I'm not sure if I'll be able to state the difference formally in this reply... kudos for making me realize that this is difficult. But it does seem pretty obvious that a model capable of reasoning "the programmer wants to do x and can change my code, so I will pretend to want x" is different from a linear regression model -- right?
Perhaps the relevant property is that the-thing-I'm-calling-optimizer chooses policy options out of some extremely large space (that contains things bad for humans), whereas your classifier chooses it out of a space of two elements. If you know that the set of possible outputs doesn't contain a dangerous element, then the system isn't dangerous.
Hmmm... This seems unsatisfying still. A superintelligence language model might choose from a set of 26 actions: which letter to type next. And it's impossible to say whether the letter "k" is a "dangerous element" or not.
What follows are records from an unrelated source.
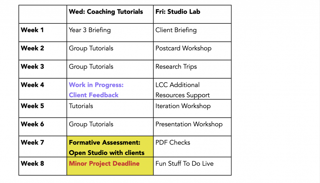 As part of your formative assessment, there will be an Open Studio on Wednesday 12th November 2025 in which you will showcase this work to the client.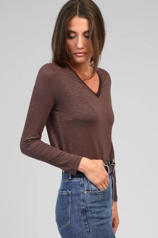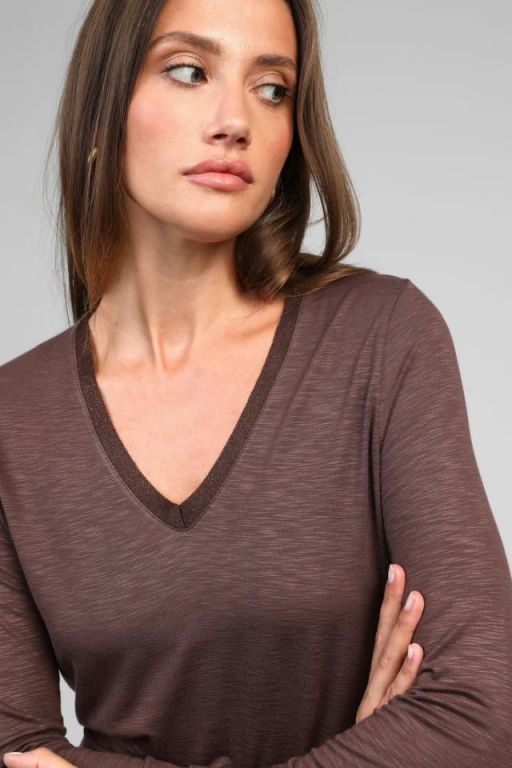 Cuello en V, de maanga larga, punto fino, tejido suave y cálido.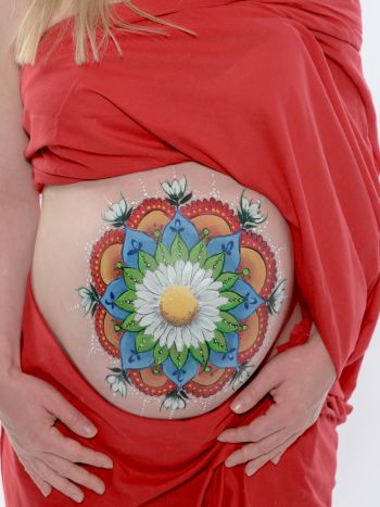 Es werden nur hochwertige Farben aus dem Bodypainting- und Kinderschminkbereich benutzt, also dermatologisch getestet und absolut unbedenklich für die Haut und dein Baby.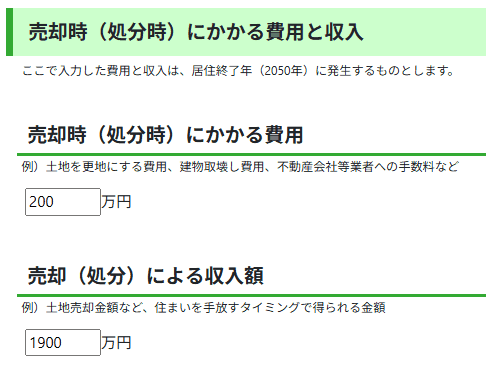 例えば税引き後の手取り収入額を「売却による収入額」のところに入力してもかまいません。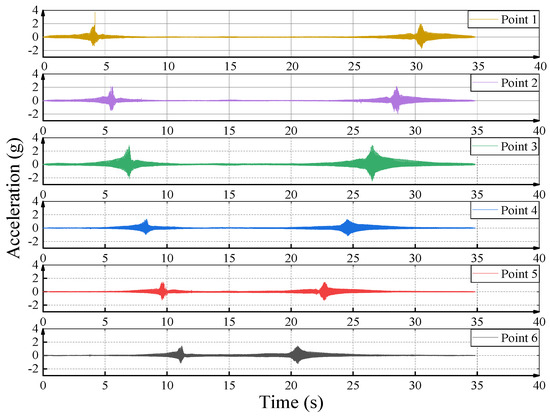 In the working process of the vibratory roller, the vibratory roller not only has an impact on the vibrating wheel and the working area under it but also has a certain impact on the surrounding filling soil. In this paper, the propagation law of vibration wave along the traveling direction is analyzed by taking the peak acceleration of each acceleration measuring point as the research object. Figure 5 shows the acceleration time−history curve of a compaction process. According to the analysis, the effective vibration process is about 35 s. The vibratory roller first goes through measuring point 1, then passes through measuring points 2, 3, 4, and 5 in sequence, and finally to measuring point 6. Then it returns from point 6 to point 1 to complete a set of vibrating compaction tests.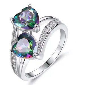 Mystic Topaz Double Heart Ring with crystal embellishments. Brand New. Gift-Boxed. Smoke free and pet free home.
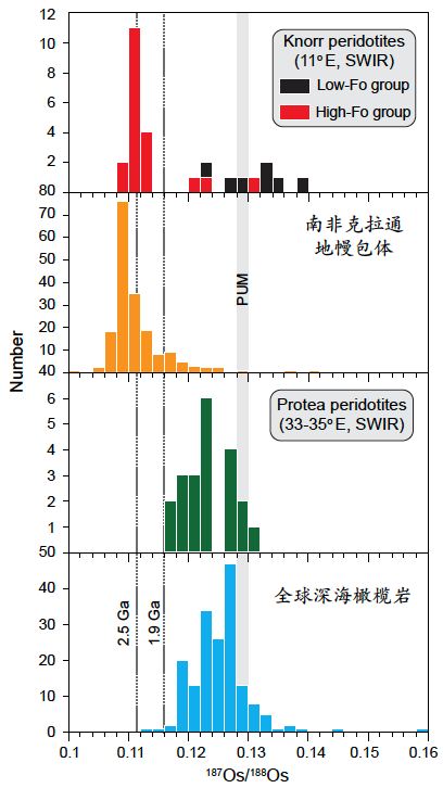 3 西南印度洋深海橄榄岩187Os/188Os频率直方图及与全球深海橄榄岩、南非克拉通地幔包体的对比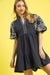 This stylish mini dress features a sophisticated V-neck collar design with eye-catching tropical leaf print sleeves that contrast beautifully with the solid navy body. The empire waist creates a flattering silhouette while the tiered ruffle hem adds feminine movement and charm. Made from comfortable lightweight fabric perfect for warm weather, this versatile piece combines casual comfort with fashion style. The short sleeves provide coverage while maintaining a breezy feel, making it ideal for summer outings, beach vacations, or casual gatherings. The pullover design ensures easy wear while the mini length keeps the look fresh and youthful.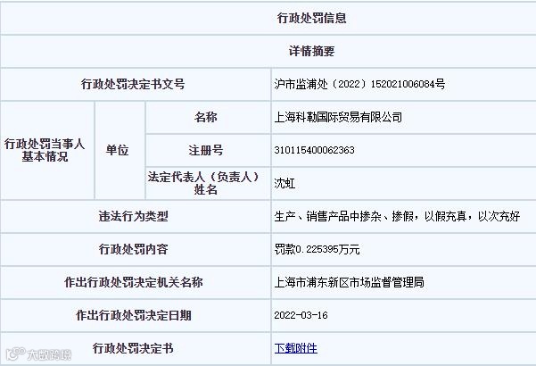上海市市场监督管理局网站日前公布的行政处罚决定书(沪市监浦处〔2022〕152021006084号)显示,上海科勒国际贸易有限公司存在生产、销售产品中掺杂、掺假,以假充真,以次充好的违法行为,上海市浦东新区市场监督管理局对其罚款0.225395万元,处罚日期2022年3月16日。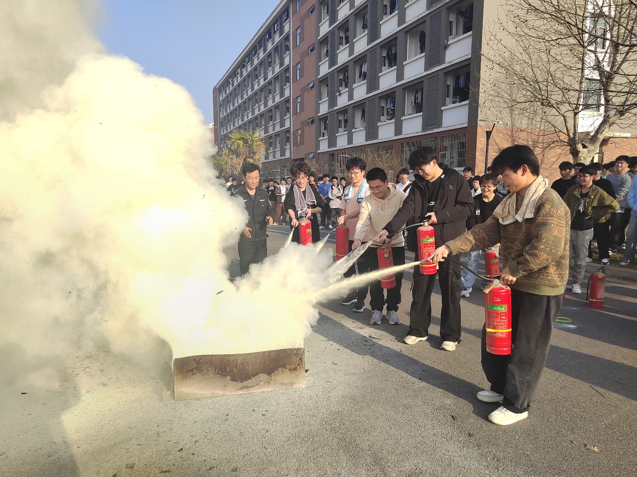 防火逃生应急演练结束后,消防科彭广峰老师现场为全体师生开展了干粉灭火器材的使用培训,部分学生代表分别进行了实际操作演练,掌握了消防器材的使用要领。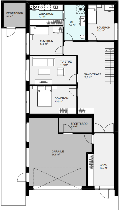 Boligen har garasje og sportsbod integrert i bygningskroppen.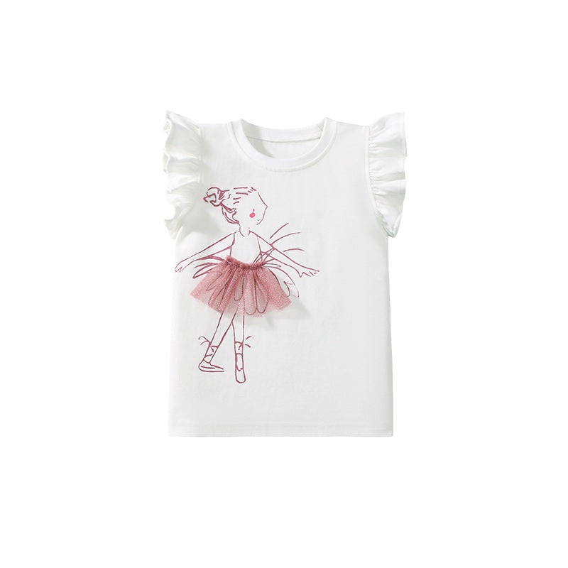 Kids Dancing Girls Pattern Fly Sleeves T-shirt in European and American Style for Summer
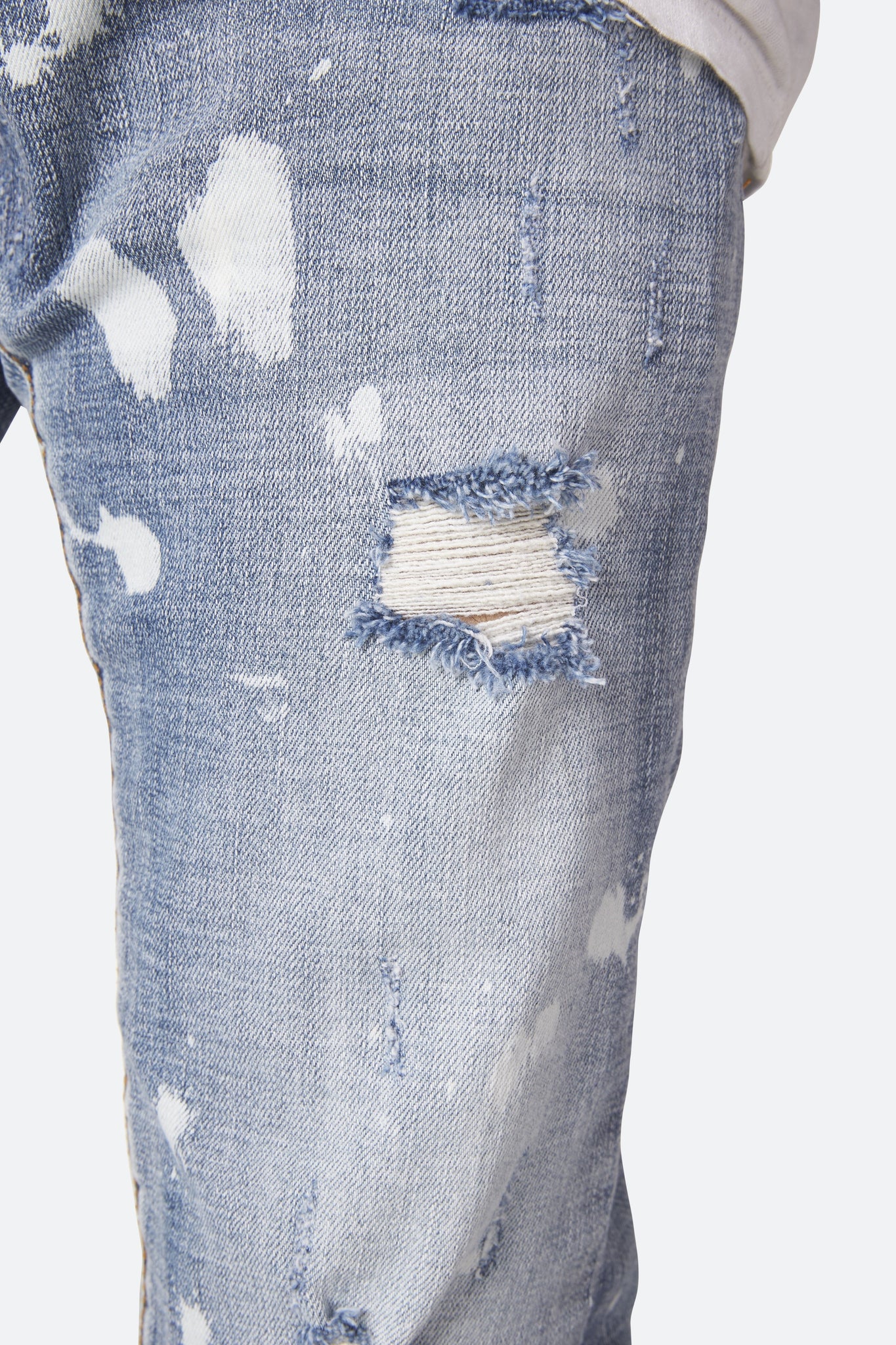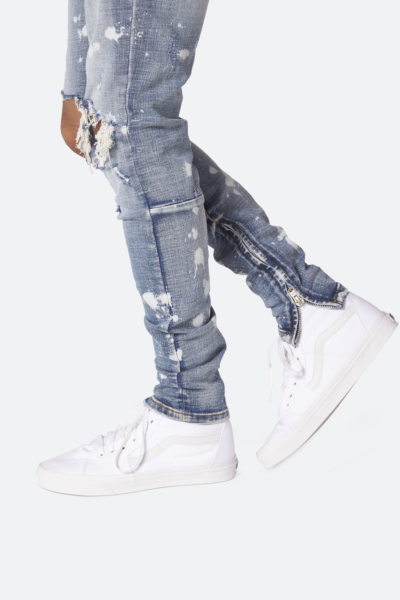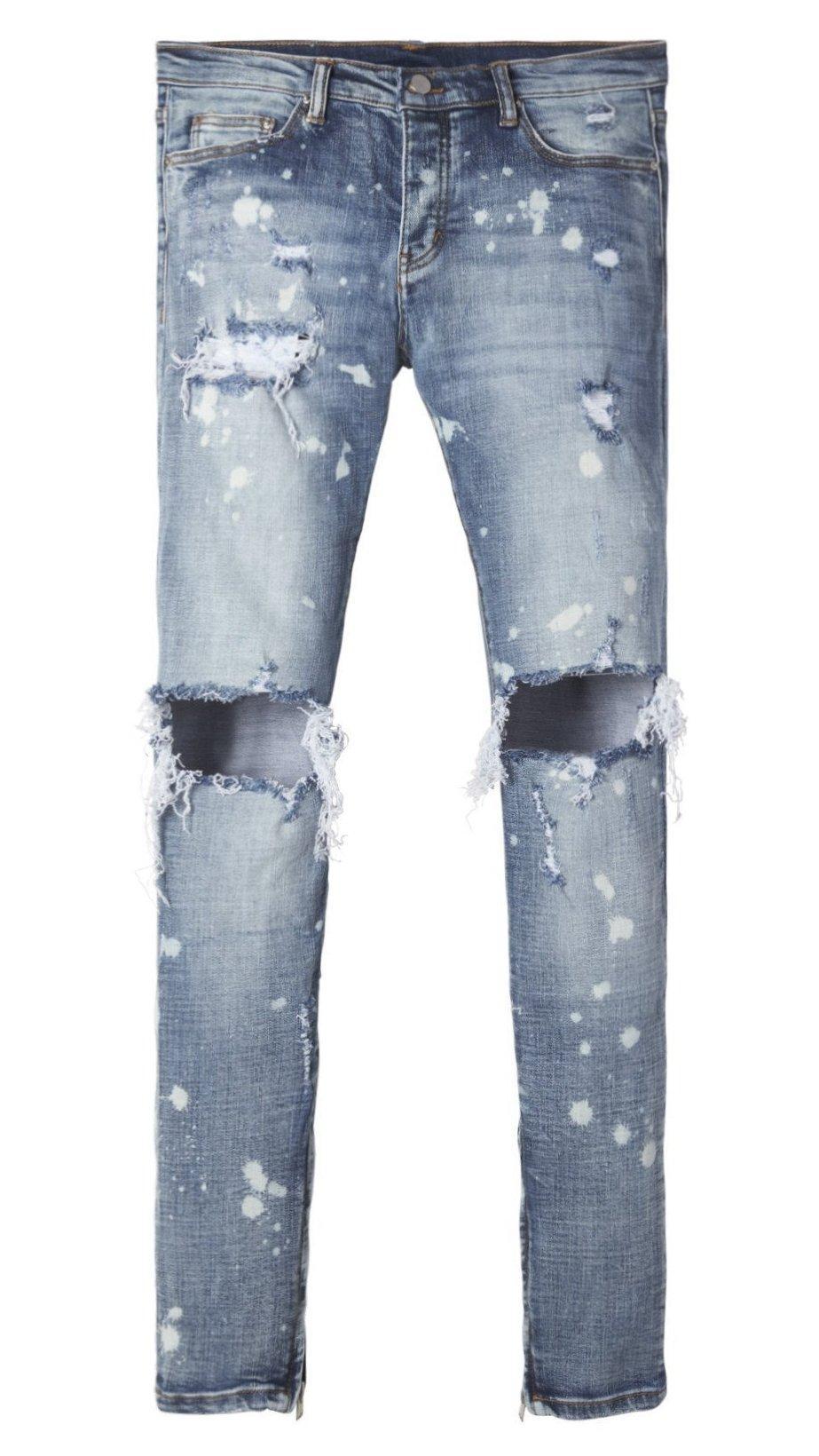 developed in los angeles, the splash m1 stretch denim is designed with a relaxed fit through the thigh that tapers from the knee to the ankle, featuring distress details at the knee and thigh, finishing off with a 10" concealed zipper on the inseam for a carefully optimized fit.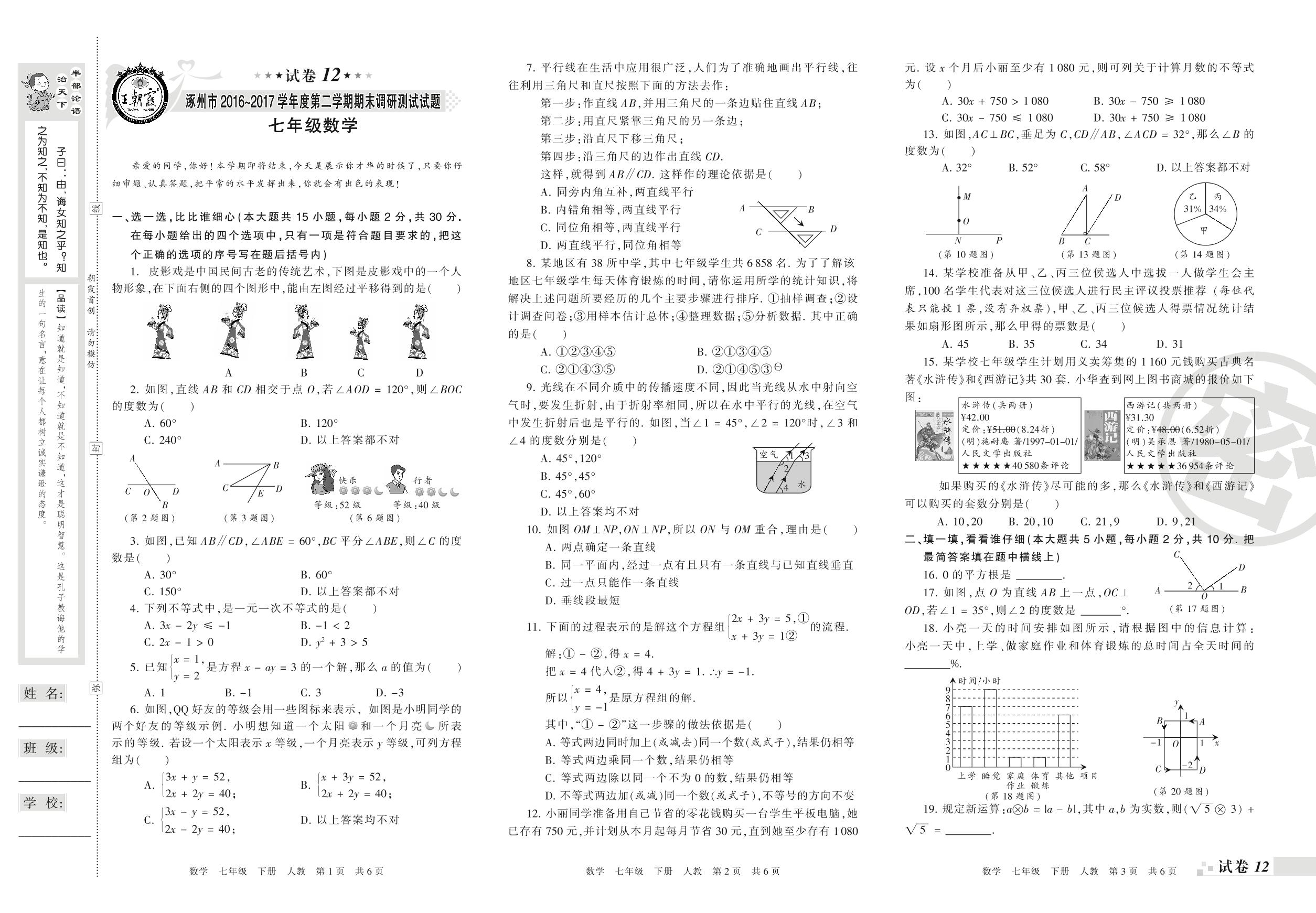 2016-2017学年第二学期涿州市七年级数学试卷(人教版)【12】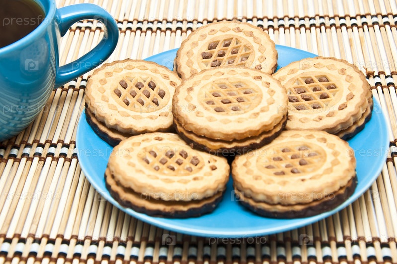 Печенье на блюдце и чашка кофе на бамбуковой салфетке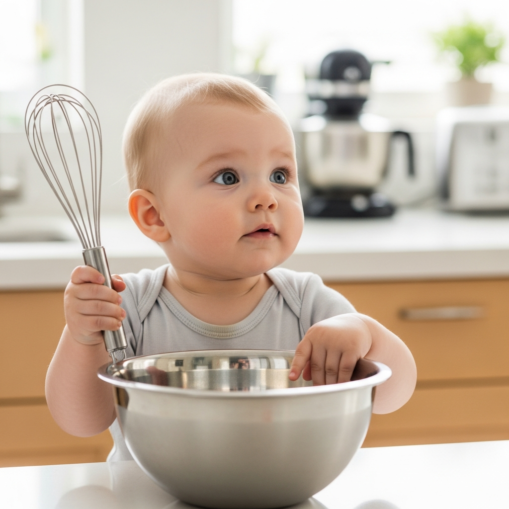 Hand your baby a whisk or a metal bowl. Exploring different sounds made by various kitchen utensils encourages curiosity and auditory processing.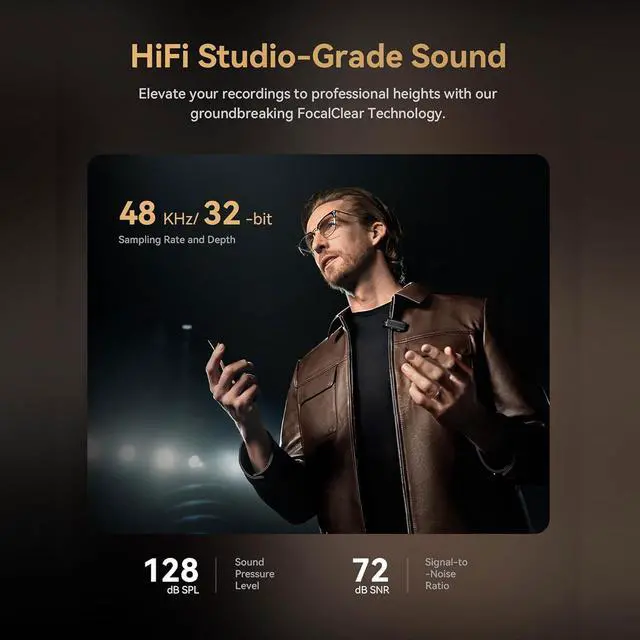 AI-Powered Studio Clarity Pioneering deep-learning noise cancellation (525dB stepless adjustment) paired with 48kHz/32-bit float studio-grade recording ensures your wireless microphone captures vocals in pristine detail while eliminating background noise. Ultra-Low latency, zero clipping, and 128dB SPL deliver broadcast-ready audio for live streaming, podcasts, and pro recordingsideal for high-volume environments.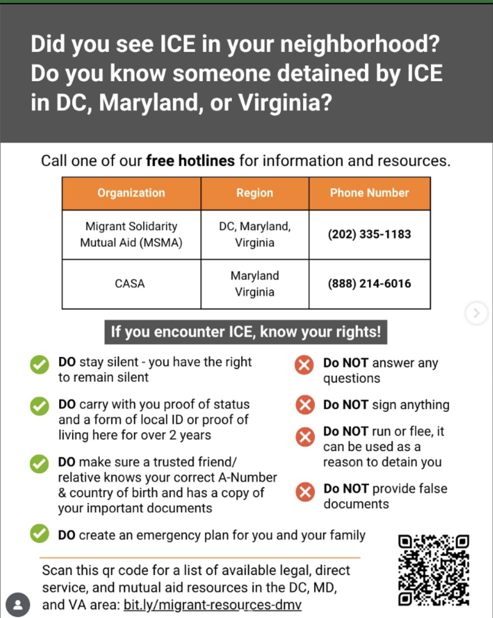 Local mutual aid group Migrant Solidarity Mutual Aid in Washington, DC runs an ICE watch hotline and stewards resources to families in need. They have an excellent repository of immigrant resources for those in the Washington, DC metropolitan region.

I guess I struggle to come up with the different between the reasoning-modeling and the linear regression. I suspect that differentiating between them might hide a deep confusion that stems from a deep belief in "free will" differentiating us from the linear regression.
"k" can be part of a message that convinces you to do something bad; I think with any system that can communicate via text, the set of outputs is definitely large and definitely contains harmful elements.
Relevant to this conversation (and reveals how much I'm playing in the epistemic minor leagues):
https://www.lesswrong.com/posts/znfkdCoHMANwqc2WE/the-ground-of-optimization-1#:~:text=In%20the%20field%20of%20computer,to%20search%20for%20a%20solution.
I wonder if memory is a critical component missing from non-optimizers? (And maybe, because of this, most living things _are_ (at least weak) 'optimizers'?)
A simple classifier doesn't change once it's been trained. I'm not sure the same is true of AlphaGo, if only in that it remembers the history of the game it's playing.